Friday, April 27, 2012


Thank Heavens for The Guardian

The sheer unbelievability of Murdoch's performance,impaled on the forensic questioning of Robert Jay QC, is made clear by the Guardian editorial today. Could any business moghul's memory be as bad as this?
"He had no knowledge that police were obstructed while trying to investigate phone hacking at one of his papers. No one told him about the 2008 Gordon Taylor settlement until it was in the Guardian – and even then he didn't believe the implications. He didn't follow the culture, media and sport select committee proceedings. He was ignorant that his company paid £800,000 in damages over a bullying claim against Andy Coulson's News of the World. He didn't read the judgment by Mr Justice Eady in the Max Mosley case alleging blackmail by one of his reporters. He didn't read a New York Times expose of the NotW in September 2010. He was "entirely unaware" until recently of the allegations – repeatedly reported in the UK – about a NotW private detective accused of murder. He was only recently told that in 2006 the information commissioner published a report listing his UK titles and their use of private detectives.

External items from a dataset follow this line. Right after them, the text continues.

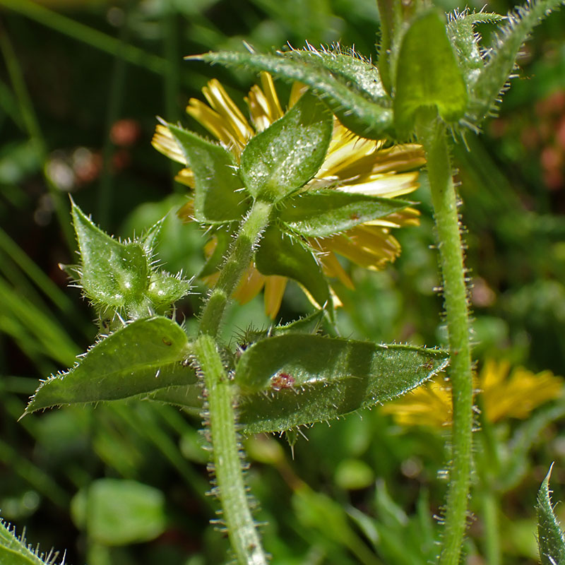 Plante hispide avec 3 à 5 bractées externes entourant les capitules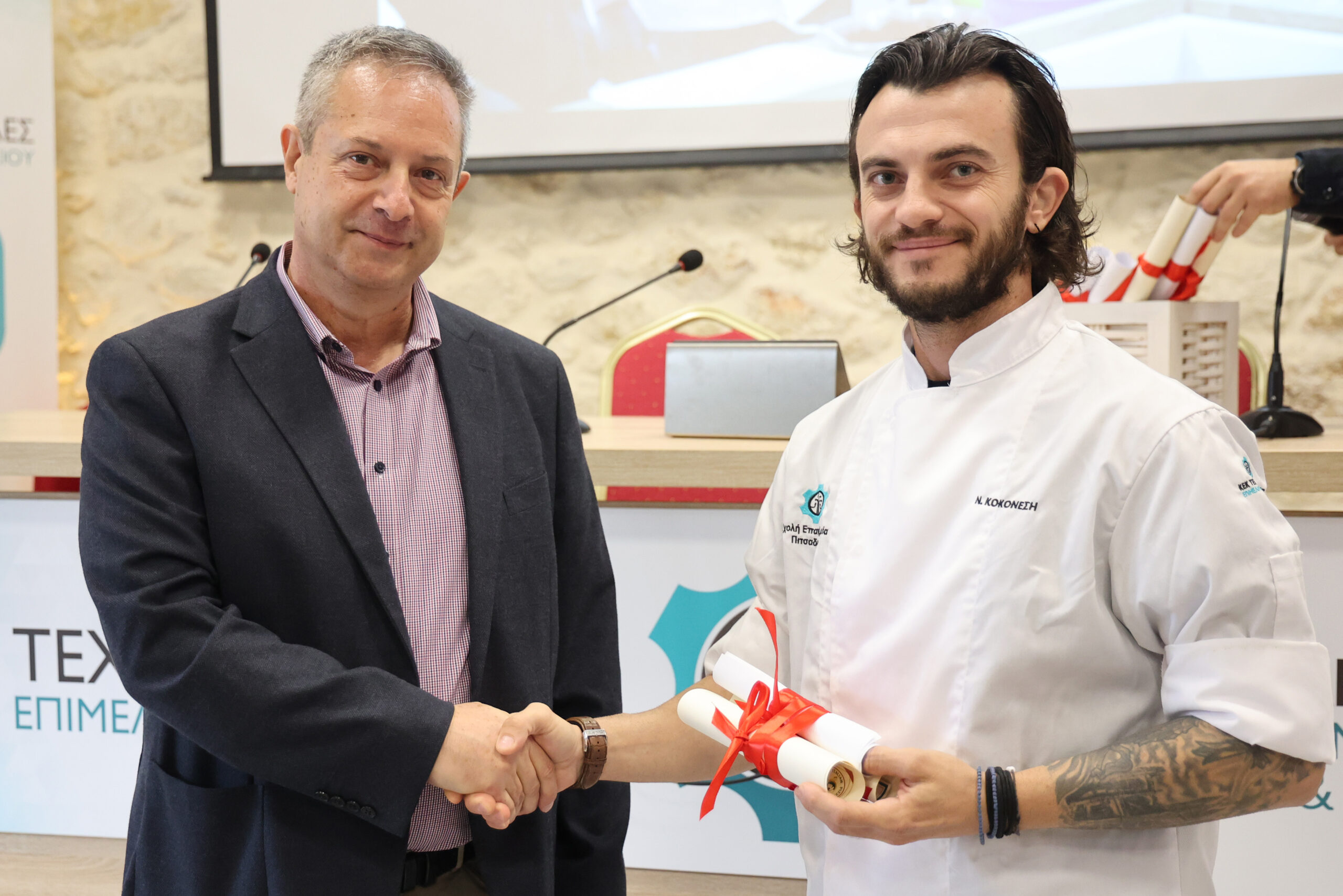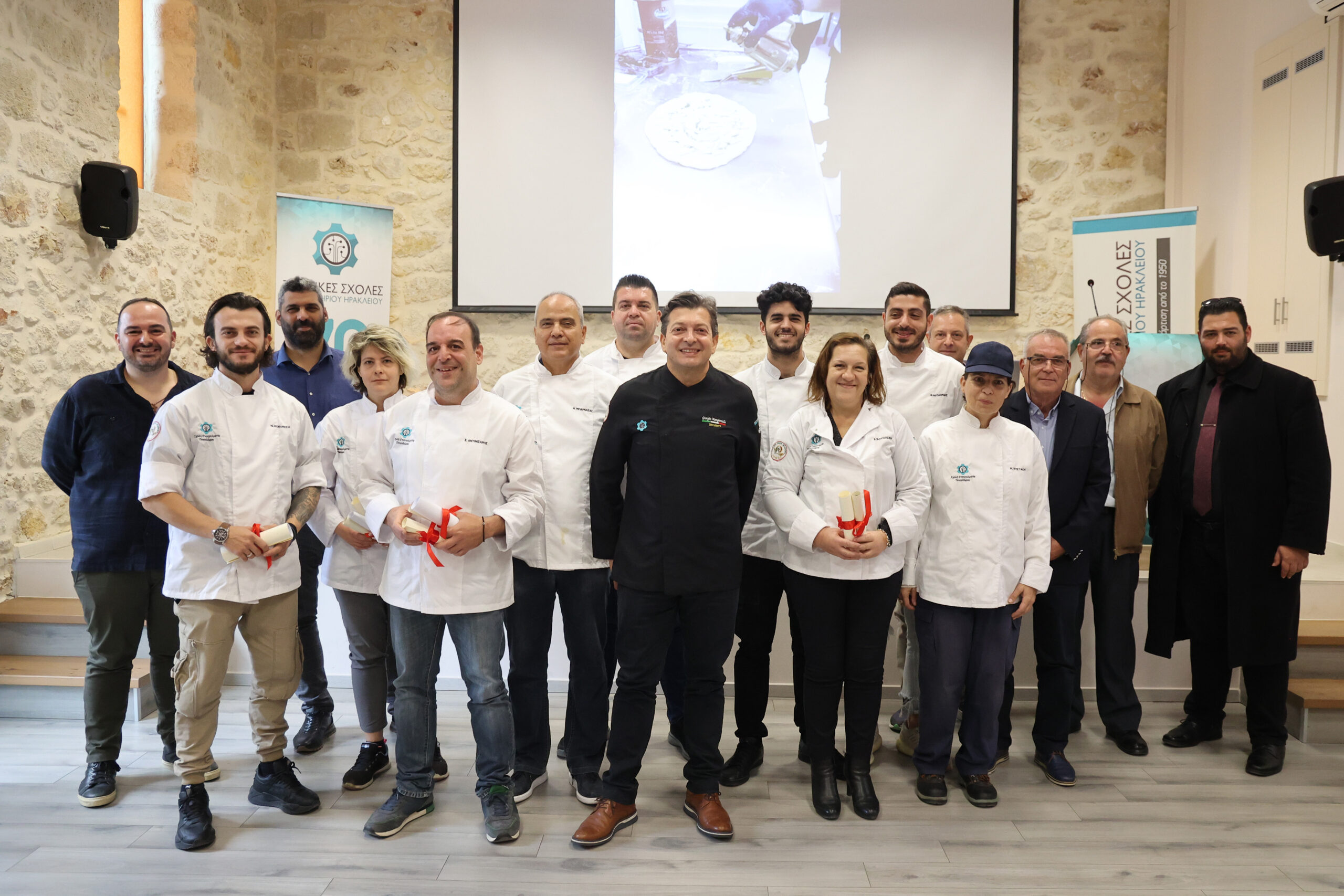 Στην απονομή των πρώτων πιστοποιητικών συμμετείχε επίσης, ο Διευθυντής των ΤΕΧΝΙΚΩΝ ΣΧΟΛΩΝ κ. Μιχάλης Καθαράκης, ο Οικονομικός Επόπτης κ. Βαγγέλης Τζαγκαράκης, ο Καθηγητής του ΕΛΜΕΠΑ κ. Μανώλης Κουδουμάς και ο Καθηγητής της Σχολής κ. Giorgio Manganiello. Χορηγός πρώτων υλών της Σχολής ήταν η Simply Foods Κουτσουμπής Γιάννης.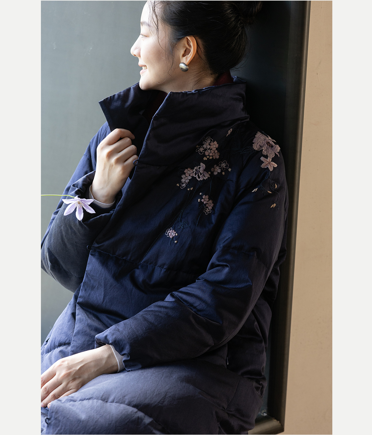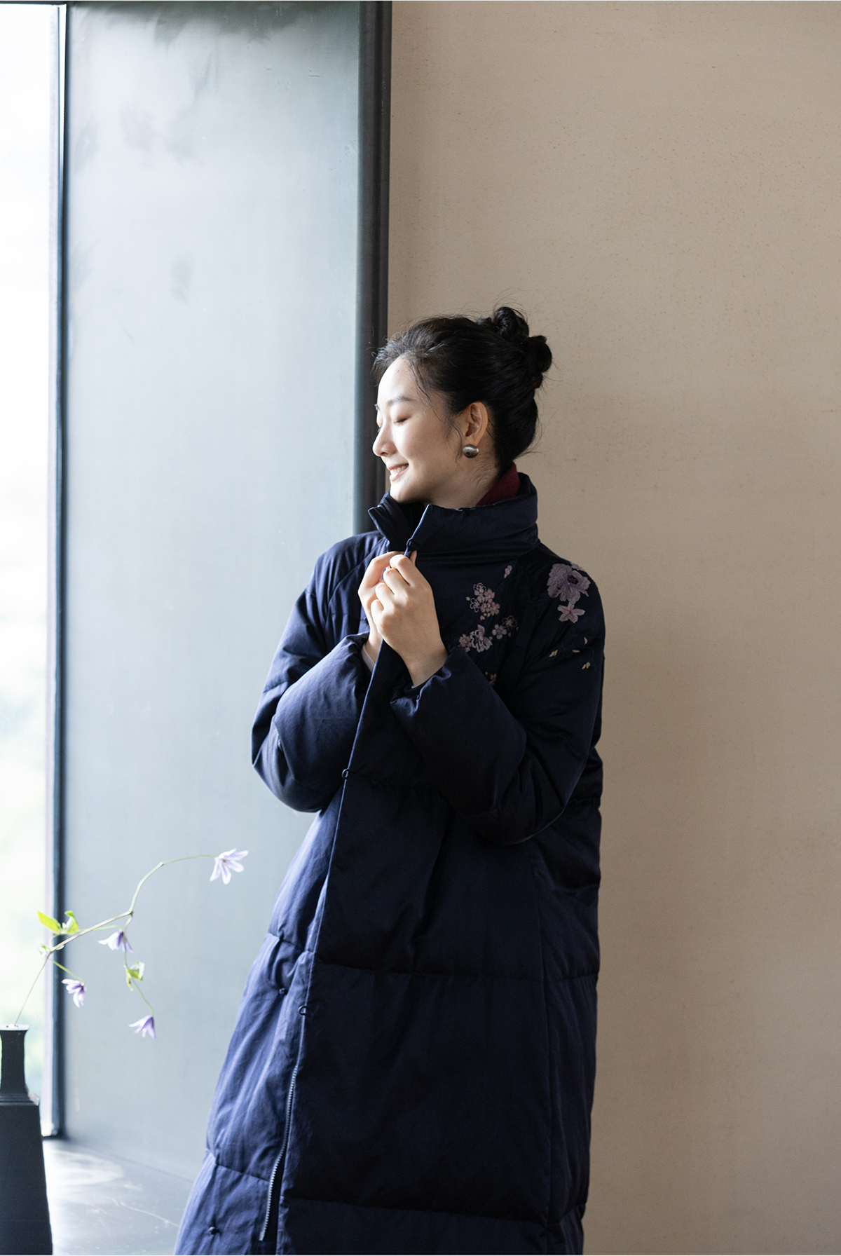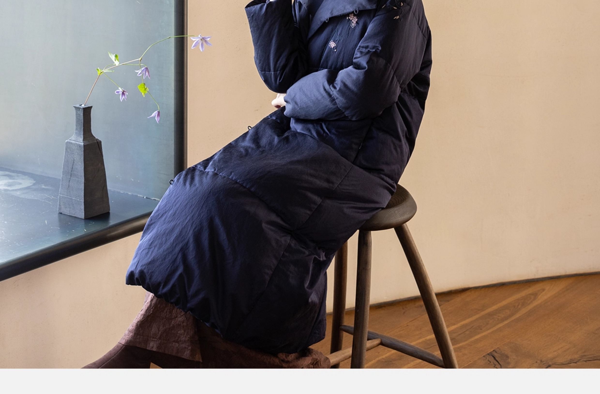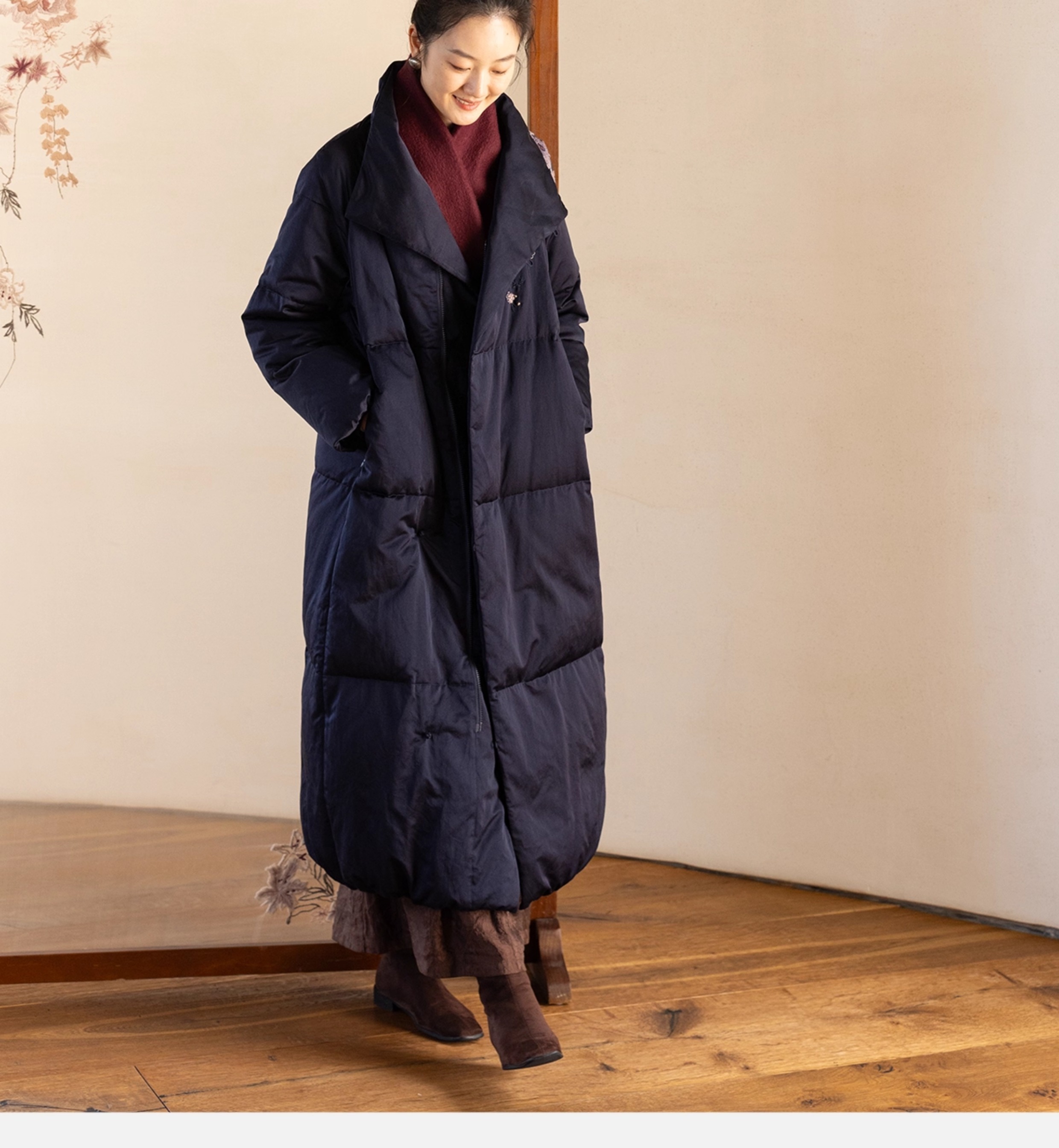 牧衣游原创 刺绣丝棉95级红嘴雁绒羽绒长外套蓬松加厚保暖 宜即

Any half-attentive newspaper reader or TV viewer in the UK would – until recently – have been better informed on most of these matters."
Finally, we should rejoice that The Guardian's investigative flair and perseverance saved us from a Britain in which Cameron, Osborne, Hunt et al would have allowed Murdoch media primacy in exchange for political support. This is not to say Labour was in any way innocent of kneeling at the Dirty Digger's throne or being in his thrall. But even Labour was not willing to sell its soul as Cameron's Tories were. It is to be hoped that the next stage of Leveson will allow the wonderful Mr Jay to direct his fire at the UK organ-grinders of this near tragedy; Cameron and Osborne.

These posted before relevant comments appeared on site.
You may be right on DC in 2015 and maybe im indulging in wishful thinking as those not in power tend to, but I really do think this is the occasion when a clear break is discernible with the feelings which gave birth to the Colaition in May 2010.
You are quite right to remind me of the electoral reality. I agree very few Tories seem to have swapped sides- the crucial test- and the awfully low turnout suggests this was not an accurate test of public opinion in a general election. But I would still maintain that their defeat in the recent elections are indeed important and indicate a fundamental shift in national judgement on how the Coalition is rated. It will be very difficult for either party to climb out of the hole the 'omnishambles' of teh past two months has created for them both.